In addition to suing the BSA, the ACLU has gone after Big Brothers, whose central aim is to provide fatherless boys with appropriate role models. Naturally, like the Boy Scouts, Big Brothers reasons that homosexuals do not fit that description. Columnist William Raspberry, for one, has taken the sane view that homosexuals "could very well destroy an organization like Big Brothers." He notes that between 1982 and 1987 five Los Angeles-area Big Brothers were convicted of sex offenses involving boys to whom they were assigned. He concludes that we should "draw the line at accepting gay couples as foster or adoptive parents and in positions in which the function of role model is primary."
For both the Boy Scouts and Big Brothers, as for most Americans, children are best raised by a mother and a father. This arrangement is natural, moral, healthy, and holds the greatest promise for happiness. Society has a manifest interest in promoting it. Likewise those groups in society that supply role models.
Modern liberals disagree. The ACLU has successfully challenged laws, like one in Florida, that barred homosexuals from adopting children. In 1992 it persuaded a Surrogate Court judge in New York to approve the adoption of a 6-year-old boy by the lesbian partner of the child's natural mother. Despite such victories, the Supreme Court ruling in Bowers v. Hardwick, the decision that failed to recognize sodomy as a constitutional right, buttresses claims that homosexuals may be excluded from positions as role models because their sodomite behavior renders them morally unfit. As we will explain below, however, the courts are ultimately undependable when it comes to defending American morality.

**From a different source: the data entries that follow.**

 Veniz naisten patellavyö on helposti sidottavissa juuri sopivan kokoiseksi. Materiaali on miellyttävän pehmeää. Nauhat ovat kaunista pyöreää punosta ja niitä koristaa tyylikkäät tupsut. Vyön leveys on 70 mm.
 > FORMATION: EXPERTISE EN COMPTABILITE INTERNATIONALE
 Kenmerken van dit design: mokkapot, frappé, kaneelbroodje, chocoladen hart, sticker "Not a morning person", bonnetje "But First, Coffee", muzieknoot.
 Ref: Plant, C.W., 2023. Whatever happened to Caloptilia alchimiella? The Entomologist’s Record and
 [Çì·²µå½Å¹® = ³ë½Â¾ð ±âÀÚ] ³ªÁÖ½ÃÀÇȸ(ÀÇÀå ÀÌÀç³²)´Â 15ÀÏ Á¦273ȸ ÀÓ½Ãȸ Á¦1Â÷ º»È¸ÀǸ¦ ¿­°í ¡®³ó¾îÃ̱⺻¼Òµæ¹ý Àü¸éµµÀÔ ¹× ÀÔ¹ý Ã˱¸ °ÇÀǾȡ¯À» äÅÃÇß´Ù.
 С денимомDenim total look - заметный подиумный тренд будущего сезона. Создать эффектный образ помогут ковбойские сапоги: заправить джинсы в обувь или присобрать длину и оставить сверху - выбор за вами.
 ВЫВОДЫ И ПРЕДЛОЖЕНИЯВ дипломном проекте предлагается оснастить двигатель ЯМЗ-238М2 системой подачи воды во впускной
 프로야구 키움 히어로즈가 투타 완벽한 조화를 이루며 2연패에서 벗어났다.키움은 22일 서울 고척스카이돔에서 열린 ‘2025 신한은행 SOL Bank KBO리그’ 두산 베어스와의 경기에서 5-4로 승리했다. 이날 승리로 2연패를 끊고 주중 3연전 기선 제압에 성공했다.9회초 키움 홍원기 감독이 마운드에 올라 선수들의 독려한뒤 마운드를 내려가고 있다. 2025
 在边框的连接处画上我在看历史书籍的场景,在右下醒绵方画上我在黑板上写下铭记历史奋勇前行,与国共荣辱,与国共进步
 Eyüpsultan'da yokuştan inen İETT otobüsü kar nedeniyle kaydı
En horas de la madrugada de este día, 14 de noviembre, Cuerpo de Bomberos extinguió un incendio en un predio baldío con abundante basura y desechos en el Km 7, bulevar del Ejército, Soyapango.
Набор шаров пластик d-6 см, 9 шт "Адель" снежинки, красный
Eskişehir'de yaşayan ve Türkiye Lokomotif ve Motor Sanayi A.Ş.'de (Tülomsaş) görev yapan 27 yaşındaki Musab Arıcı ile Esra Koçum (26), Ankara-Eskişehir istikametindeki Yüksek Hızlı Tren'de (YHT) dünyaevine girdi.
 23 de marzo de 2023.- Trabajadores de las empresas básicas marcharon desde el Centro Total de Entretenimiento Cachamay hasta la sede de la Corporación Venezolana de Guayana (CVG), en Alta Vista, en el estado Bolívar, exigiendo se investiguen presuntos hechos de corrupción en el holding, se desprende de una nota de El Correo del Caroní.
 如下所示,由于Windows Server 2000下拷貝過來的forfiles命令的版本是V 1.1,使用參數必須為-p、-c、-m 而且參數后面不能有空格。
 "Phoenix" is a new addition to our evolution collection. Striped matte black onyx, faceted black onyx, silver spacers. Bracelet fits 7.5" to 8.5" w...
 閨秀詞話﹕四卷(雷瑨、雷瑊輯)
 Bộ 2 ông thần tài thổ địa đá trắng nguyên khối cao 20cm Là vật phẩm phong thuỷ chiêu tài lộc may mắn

Given its atomistic vision of freedom, the ACLU and its supporters see the relationship between freedom and religion (especially monotheism, the antithesis of atomism) as essentially inimical. Thus they intentionally misread the First Amendment as guaranteeing freedom from religion, rather than what it plainly says it guarantees and what so many have come to America seeking: freedom of religion.
To get a sense of how far the ACLU would go in purging from society all public expressions of religion, consider the following list (it is not exhaustive) of practices the Union has opposed as unconstitutional:
The ACLU's positions on church and state have become so unbending that even "strict separationists" like former board member and professed atheist Nat Hentoff have been taken aback: "When I was elected to the national board of the American Civil Liberties Union some years ago," he wrote, "I thought I would be the most anti-clerical kid on that block." Three years later he left with a bad taste in his mouth: "there are members of that board . . . who see the separation of church and state as so absolute that not a single religious word must be allowed to pass a schoolhouse door." Yet recall: the ACLU customarily defends the most obscene and profane words, in schools and everywhere else.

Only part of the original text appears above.